Processing and transmission of texts with electronic means is only possible if the constituents have been transformed into appropriate units. We have seen that these consist in bits and bytes that are recorded on data carriers. What is needed is establishing a correspondence between the letters and tokens making up a text, and the bytes that the electronic system (computer or communication line) can process. In mathematics this is called a mapping of one set to another. We will speak of "coding" of a token with one or more bytes.

The sets we are considering cannot be chosen freely. That of bytes is finite, 7-bit bytes make 128 septets and 8-bit bytes make 256 octets. If one wants to specificy a 1-1 relation, then only maximally 128, or just 256 tokens can be coded.

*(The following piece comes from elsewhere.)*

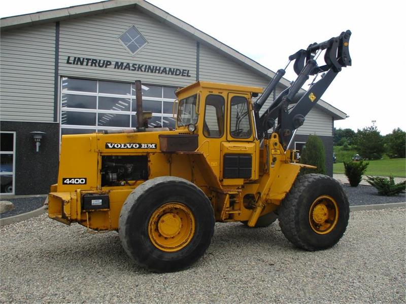 Volvo 4400 med hydraulisk hurtig skifte. Den starter og køre som den skal. På kabinen er der 2 arbejdslygter frem samt 2 bagud og A/C. Det er en fin og stærk ged til små penge. vi tager meget gerne dine brugte maskiner i bytte. Se altid over 100 brugte traktorer til salg på vores webside limas.dk

An element of a set thus restricted we call a "IT-character", in short "character". Then we can speak of a "coded character set", which we specify in a standard. This document contains an enumeration of all relations that exist between characters and bytes, when applying this standard.

The official ISO definitions shared by all the standards for coded character sets are thus:

character: A member of a set of elements used for the organization, control or representation of data.
coded character set; code: A set of unambiguous rules that establishes a character set and the one-to-one relationship between the characters of the set and their coded representation by one or more bit combinations.

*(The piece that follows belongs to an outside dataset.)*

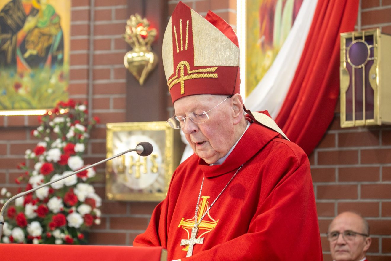 Przypomniał postać Polskiego Męczennika wskazując na to, że stojąc odważnie naprzeciw murów wrogości, nie dał się zawładnąć niszczącej sile nienawiści, której tak boleśnie doświadczał. – Od Chrystusa ukrzyżowanego i zmartwychwstałego czerpał siłę i moc, by nie załamać się w godzinie próby – powiedział. – Z odwagą żył po katolicku i wypełniał posługę kapłańską pomimo prześladowań reżimu komunistycznego oraz pogardy dla religii. Nieustannie upominał się o pokój między ludźmi i cechowała go ewangeliczna miłość do każdego człowieka. Znamy wszyscy dobrze motto jego przepowiadania: zło dobrem zwyciężaj! – podkreślił hierarcha.
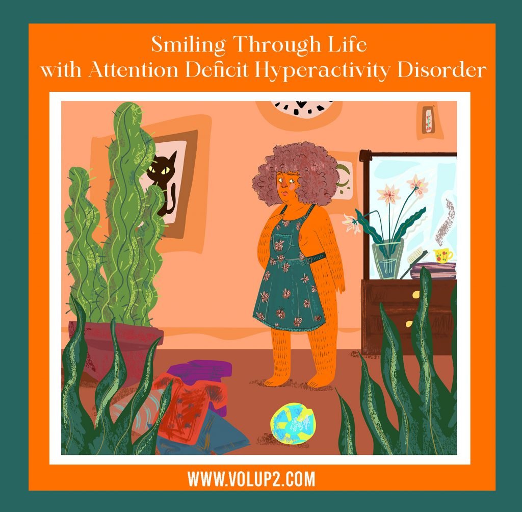 Smiling Through Life with Attention Deficit Hyperactivity Disorder by By Victoria Follain, Original illustration by Stephany Victorine, Graphics by VOLUP2

This implies much more than only a representation of tokens. Indeed, there are two kinds of characters:

graphic character: A character, other than a control function, that has a visual representation normally handwritten, printed or displayed, and that has a coded representation consisting of one or more bit combinations.
graphic symbol: A visual representation of a graphic character or of a control function.
control function: An action that affects the recording, processing, transmission or interpretation of data, and that has a coded representation consisting of one or more bit combinations.
control character: A control function the coded representation of which consists of a single bit combination.

It is accepted usage at present to speak of a "repertoire", if a set of characters is meant for which a coding is defined (without indicating which). The ISO-definition is:

repertoire: A specified set of characters that are represented by means of one or more bit combinations of a coded character set.

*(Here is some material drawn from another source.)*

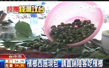 據(jù)悉,屆時會場將擺30多個攤位,全部都是臺灣地道小吃,連檳榔攤都入列,就是要讓大陸游客嚼嚼看“滿嘴紅紅”的滋味感受,以體驗一下這種臺灣味。

After all these explanations, it is time to demonstrate with an example how a coded character set would look. We select ASCII, American Standard Code for Information Interchange, the simplest, and one of the the oldest.

ASCII is a 7-bit code. In the years after 1960 people thought that six bits were too little for coding texts. It was preferable to make small letters allowed as well. Most computers and printers only provided facilities for capital letters, a situation that lasted up to around 1983. Taking seven bits would not increase hardware costs too much. To this purpose ANSI (American National Standards Institute) adopted the standard X3.4. (ANSI was formerly called ASA and still later USASI.)

The structure of a coded character set becomes immediately clear when looking at a codetable. This is described with the following definitions:

code table: A table showing the character allocated to each bit combination in a code.
position: That part of a code table identified by its column and row co-ordinates.

The codetables in the ISO standards have a traditional form. Each byte is split into two parts. The "low order" bits are placed vertically, the "high order" bits horizontally. This means that the numeric values increase from above to below and not from left to right.

In the codetable for ASCII (TABLE 3) one can see that in every slot ("code position"), that corresponds to a byte, a character is shown, graphic characters in columns 2-7, control characters in 0 and 1, indicated with a two of three letter combination (explained in Chapter 7). The space is indicated with SP, DEL means DELETE, a special control character, in former days useful with paper tape and at present somewhat superfluous. To the codetable belongs a list of characters with their official names, their normal visualization ("default graphic symbol") and the corresponding byte in ISO-notatie x/y. There are 26 small and 26 capital letters included, the digits, and a collection of punctuation marks, supplemented by symbols from commerce or mathematics. Some of these latter, such as $ en @ betray the American origin of ASCII. In fact, these selection is the final phase of a long development. A good survey of the history of coding and the adoption of characters can be found in the book by C E Mackenzie that describes what happened up to around 1970.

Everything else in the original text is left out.